1. 2 Peter 1:19–21 (ESV)
  2. Application

Certainty about the future because of Scripture

2 Peter 1:19–21 (ESV)

19 And we have the prophetic word more fully confirmed, to which you will do well to pay attention as to a lamp shining in a dark place, until the day dawns and the morning star rises in your hearts,

The second evidence presented to support the return of Christ is the Holy Scripture, specifically the prophecies about the day of the Lord (2 Peter 3:10). Mention is made of this day on several occasions in the Old Testament. It was strongly tied with the coming of the Messiah and presented as a time when God would right all wrongs. Given the fact that the first coming of Christ has affirmed many promises of Scripture, Christians have every reason to believe that promises about his second coming will also be realized.

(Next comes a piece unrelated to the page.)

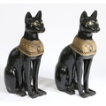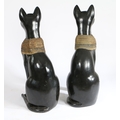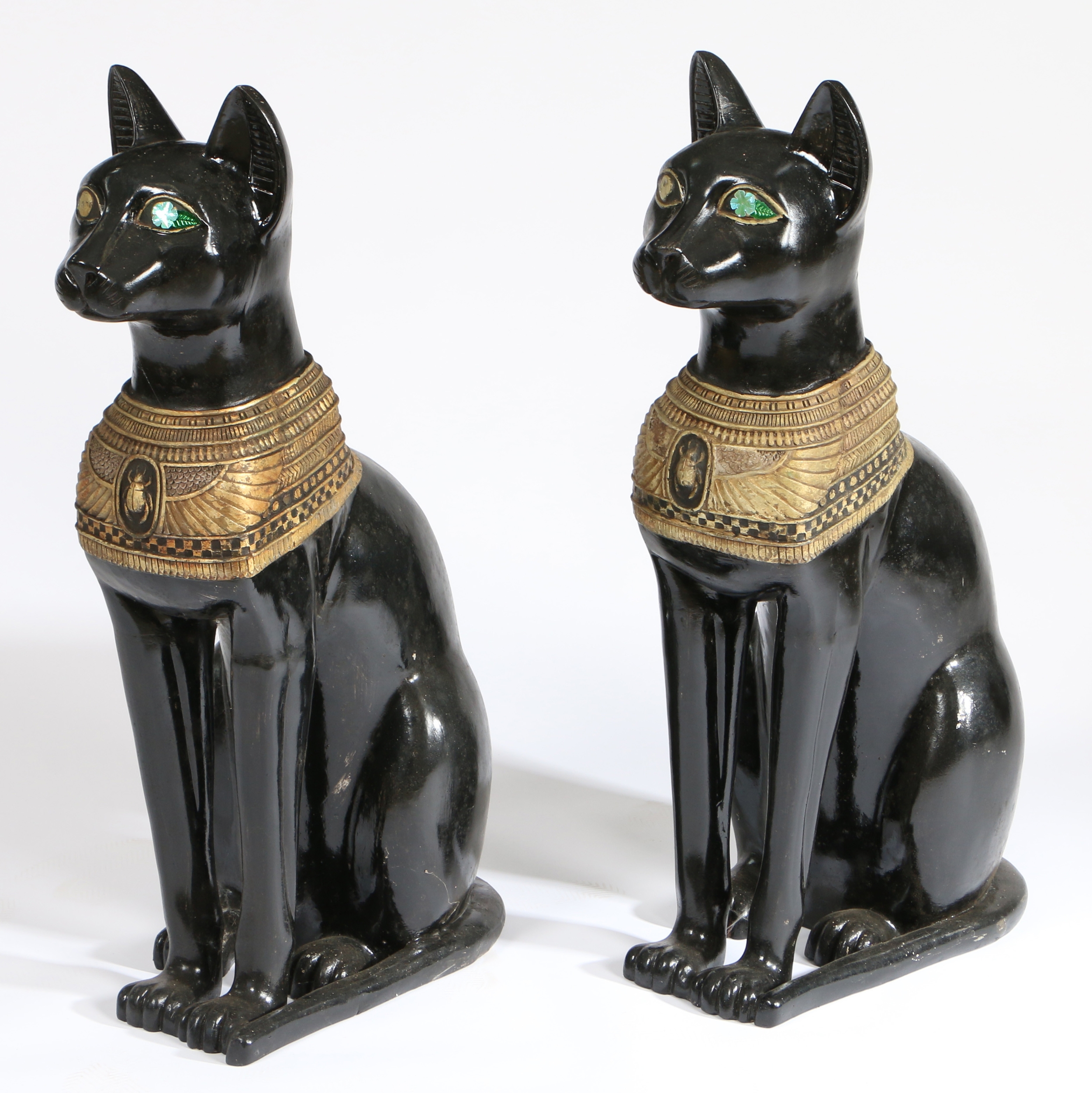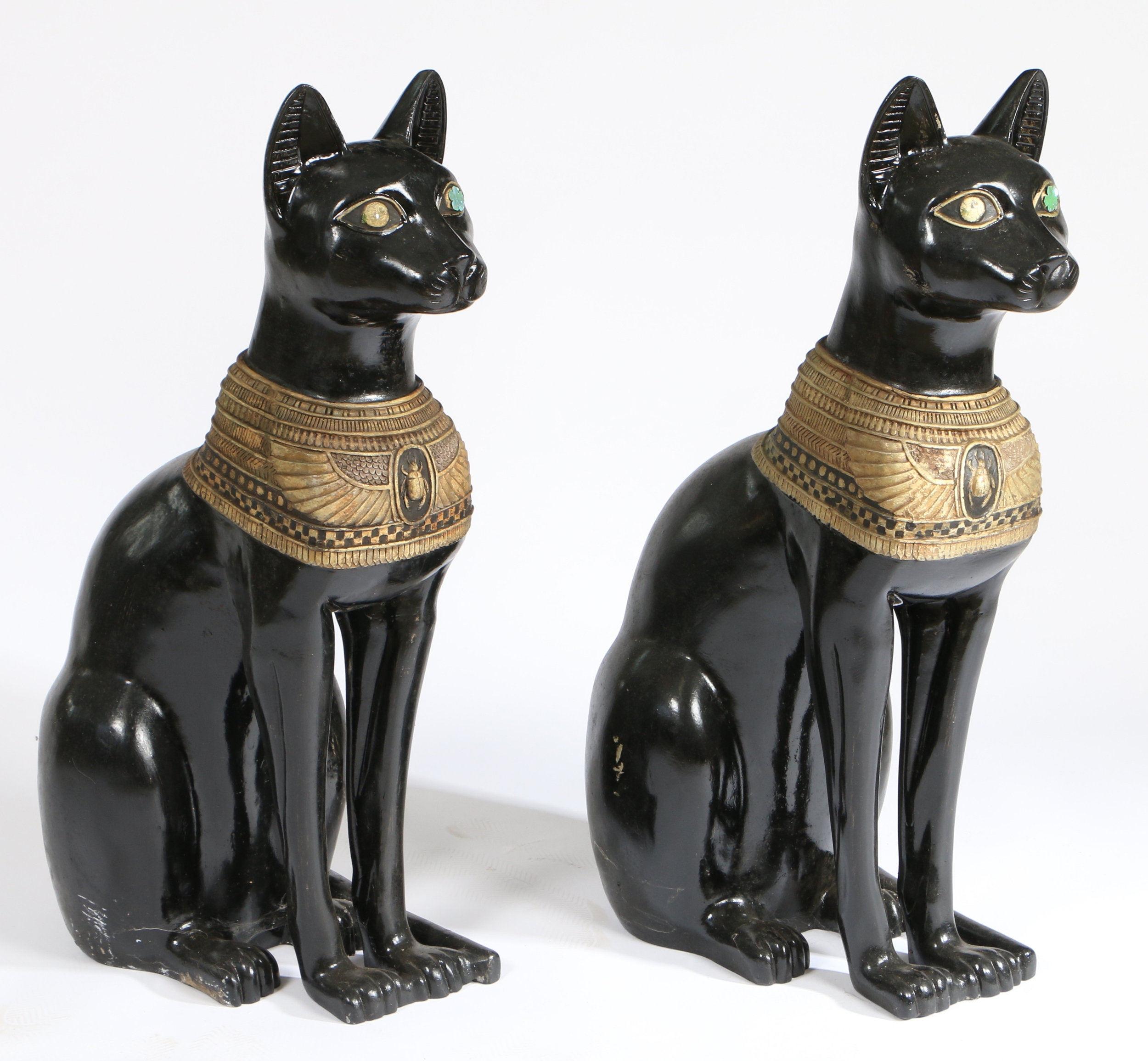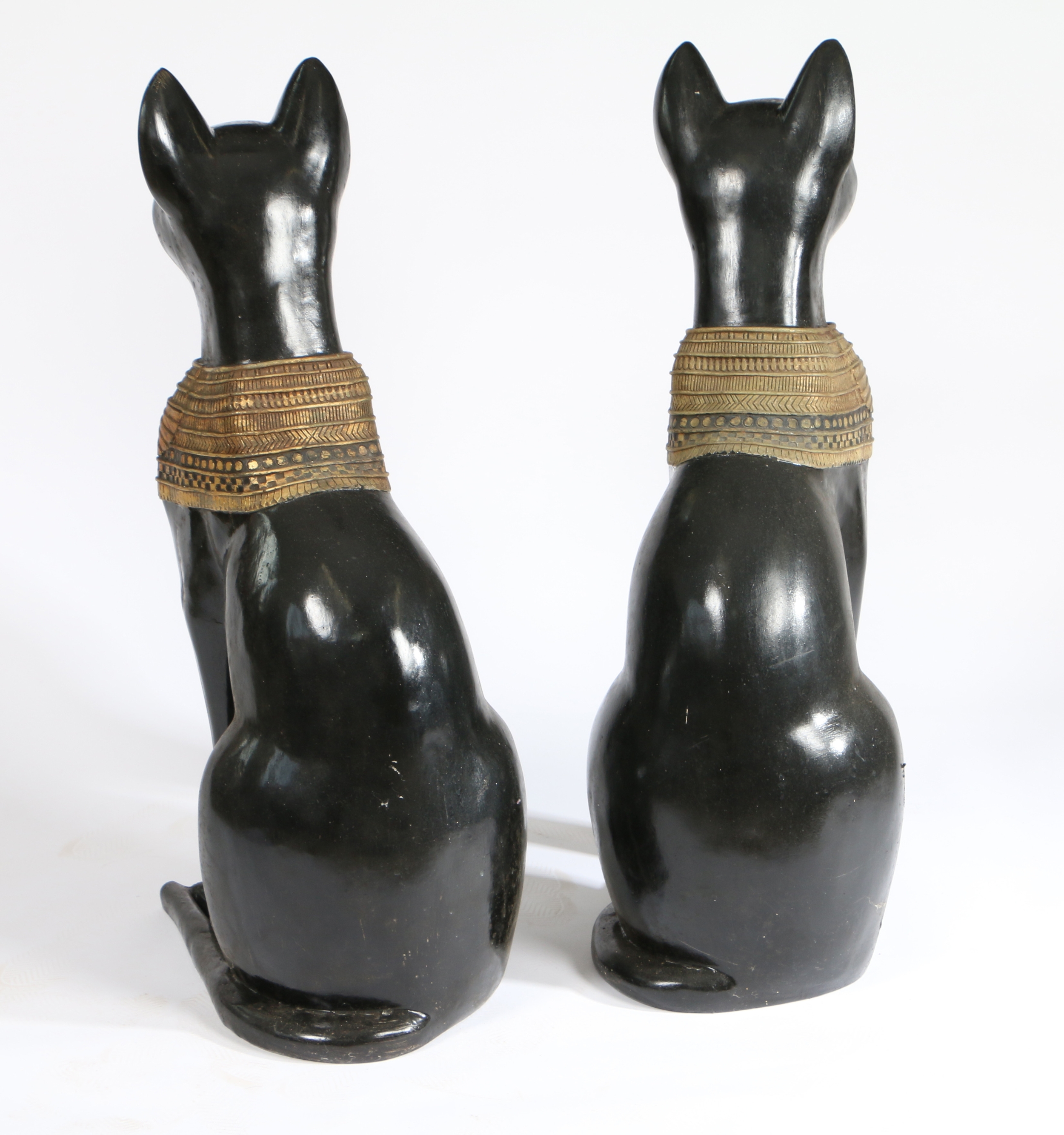 A PAIR OF 20TH CENTURY RESIN EGYPTIAN CATS. painted in black with an Egyptian style design, 74cm high.

Peter presents these Old Testament prophets as lights in a dark place. They testify to the coming of a dawn and prepare us for Christ’s future return. They can and must also be trusted because the men who wrote the Holy Scripture were inspired by the Holy Spirit. They did not speak what they desired but were led by the Spirit of God.

The Reformed Confessions articulate what the Bible teaches us about its inspiration and why we should trust it completely:

Belgic Confession Article 3: The Word of God

We confess that this Word of God did not come by the will of man, but that men spoke from God as they were carried along by the Holy Spirit, as the apostle Peter says (2 Peter 1:21). Thereafter, in his special care for us and our salvation, God commanded his servants—the prophets and apostles—to commit his revealed Word to writing (Exodus 34:27; Psalm 102:18; Revelation 1:11, Revelation 1:19) and he himself wrote with his own finger the two tables of the law. (Exodus 31:18). Therefore we call such writings holy and divine Scriptures (2 Timothy 3:16).

Belgic Confession Article 5: The authority of Holy Scripture

We receive all these books (1 Thessalonians 2:13), and these only, as holy and canonical, for the regulation, foundation, and confirmation of our faith (2 Timothy 3:16–17). We believe without a doubt all things contained in them, not so much because the church receives and approves them as such, but especially because the Holy Spirit witnesses in our hearts that they are from God (1 Corinthians 12:3; 1 John 4:6; 1 John 5:7–8), and also because they contain the evidence of this in themselves; for even the blind are able to perceive that the things foretold in them are being fulfilled (Deuteronomy 18:21, Deuteronomy 18:22; 1 Kings 22:28; Jeremiah 28:9; Ezekiel 33:33).